We think under the facts that it is obvious that this plaintiff, a separate taxpayer, was not liable for the payment of the deficiency determined in respect of the tax of John F. Maragon for 1944. Section 3797(a) (14), 26 United States Code, 1952 ed., provides that "The term `taxpayer' means any person subject to a tax imposed by this title." By paying and fully discharging her separate tax liability for 1944, plaintiff fully met the requirement of this section and we know of no provision of law that would make her liable for the tax for 1944 of a separate taxpayer. Counsel for defendant argues, however, that under the provisions of section 51(b)(1), Title 26 United States Code, 1952 ed., plaintiff is liable for the 1944 deficiency of her husband, John F. Maragon, because for the year 1951 she filed a joint return, including therein her husband, who had no gross income for that year. This section provides:
"A husband and wife may make a single return jointly. Such a return may be made even though one of the spouses has neither gross income nor deductions. If a joint return is made the tax shall be computed on the aggregate income and the liability with respect to the tax shall be joint and several."
It will be noted that the phrase "liability with respect to the tax" in this section has reference to the joint and several "liability" to the Government only with respect to the tax shown on the joint return, and not to a separate liability on a separate return for another year. The same is true with respect to refunds under 26 U.S.C. § 1952, ed. § 322(a)(1). Plaintiff was clearly "the taxpayer" for 1951 so far as the year 1944 was concerned. She was not "the taxpayer" on the separate return of John F. Maragon for 1944.
" Overpayment. Where there has been an overpayment of any tax imposed by this chapter, the amount of such overpayment shall be credited against any income, war-profits, or excess-profits tax or installment thereof then due from the taxpayer, and any balance shall be refunded immediately to the taxpayer."
In this case the defendant's tax withholding from plaintiff's salary for 1951 (the only year for which she filed a joint return) was $518.92, and her tax liability on her salary was only $329.47. Her tax was, therefore, overpaid by $189.45. The defendant illegally applied this amount in payment of a tax for 1944 for which plaintiff was not legally liable.

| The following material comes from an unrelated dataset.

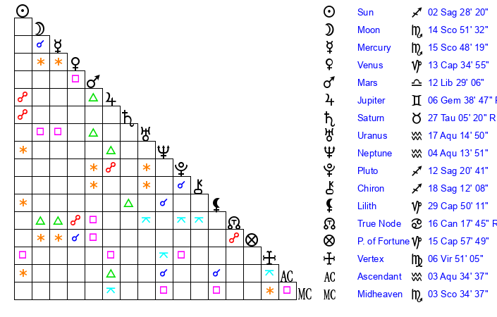 | Sun | 2 Sagittarius 17 | 2 Sagittarius 13 | 27 Sagittarius 40 |

This court held in Hart Glass Manufacturing Co. v. United States, 48 F.2d 435, 73 Ct.Cl. 32, 43, that the Commissioner was not authorized by law to apply an overpayment of one taxpayer for 1918 to the payment of taxes due by another corporation for that year. In our opinion his action in the present case was illegal. In Philadelphia Rapid Transit Company v. United States, 10 F. Supp. 591, 81 Ct.Cl. 289, cert. denied, 300 U.S. 664, 57 S.Ct. 507, 81 L.Ed. 872, we held that the Commissioner acted illegally and without authority when he applied an overpayment of tax by a corporate lessee as a credit against a tax due from the lessor corporation, notwithstanding a contractual obligation of lessee corporation to pay taxes assessed against the lessor, since lessee was not "the taxpayer" within the meaning of the statute permitting credit of an overpayment against a deficiency.
We are not here concerned with community property laws of certain States which give a wife a vested one-half undivided interest in the income of her husband and vice versa, such as the laws of the State of Texas. See Clayton v. United States, 44 F.2d 427, 70 Ct.Cl. 740, and Lattimore et al. v. United States, 12 F. Supp. 895, 82 Ct.Cl. 97, 130, which involved joint returns and credits for the same year.

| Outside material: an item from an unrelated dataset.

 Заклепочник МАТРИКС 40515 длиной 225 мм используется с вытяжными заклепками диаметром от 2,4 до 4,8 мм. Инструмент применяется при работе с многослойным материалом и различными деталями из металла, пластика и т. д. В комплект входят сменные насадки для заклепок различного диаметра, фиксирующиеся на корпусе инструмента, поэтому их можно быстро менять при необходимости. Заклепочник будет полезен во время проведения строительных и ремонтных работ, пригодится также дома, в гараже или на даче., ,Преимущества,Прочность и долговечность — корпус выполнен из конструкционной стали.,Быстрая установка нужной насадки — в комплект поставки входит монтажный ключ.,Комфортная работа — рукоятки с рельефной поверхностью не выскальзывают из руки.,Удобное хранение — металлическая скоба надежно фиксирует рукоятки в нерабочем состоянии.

Section 12(d) of the Internal Revenue Code of 1939, as amended by section 301 of the Revenue Act of 1948, 26 U.S.C. § 12(d), has no application to this case since the income of plaintiff was not community property by the law of the jurisdiction, and the credit was not for 1951.
Plaintiff is entitled to recover $189.45, with interest as provided by law from March 15, 1952.
It is so ordered.
JONES, Chief Judge, and LARAMORE, Judge, concur.
MADDEN and WHITAKER, Judges, dissent.